No it belongs to Genzyme. We partner around targets and programs and we don't think it's ever a good idea to separate follow on and back up products, form that partnership. So Genzyme would have access to 2, 5 just as they had access to the backup molecules that we have today, that are about three times more potent than mipomersen. We have molecules that aren't generation 2, 5 but just better screened and identified. Those are from 3 -5 times more potent than mipomersen right now. Charles Polsky - William Harris Investors: Ok thank you very much.

You bet.

And that concludes our Q&A session. I will now turn the call back to Dr. Stan Crooke for closing remarks.
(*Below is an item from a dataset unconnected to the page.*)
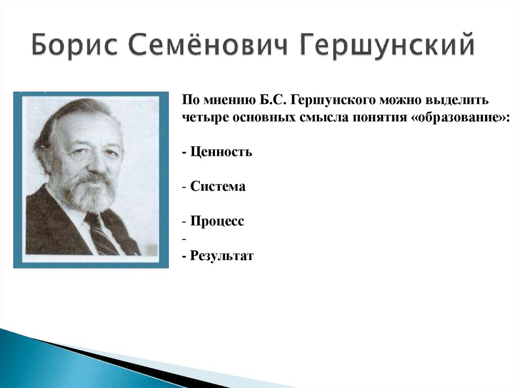 По мнению Б.С. Гершунского можно выделитьчетыре основных смысла понятия «образование»:

Thanks very much and thanks so much for being on the call. I know this is a busy earnings afternoon. In summary, I think the most important things we said today is that we are on track for our initial filing for marketing approval of mipomersen in our initial patient populations and we are very confident that its risk, benefit profile and that patient group is compelling. These are patients with severe, high cholesterol and extremely high cardiovascular risk; we look forward to bringing mipomersen to these patients, who are clearly in need of additional therapies to reduce their cardiovascular risk. And added to that I think our pipeline continues to progress extremely well and I think this call demonstrates the value of the satellite company's strategy in ways that we haven't shown before. Or we have very positive outcomes that are going to generate real value for shareholders in ISIS over time, I believe and a disappointment that cost ISIS shareholders very, very little.

Dr. Crooke, do you have any additional remarks or?

I'm finished. Thank you.

Okay. Ladies and gentlemen that concludes today's conference. Thank you for your participation. You may now disconnect. Have a great day.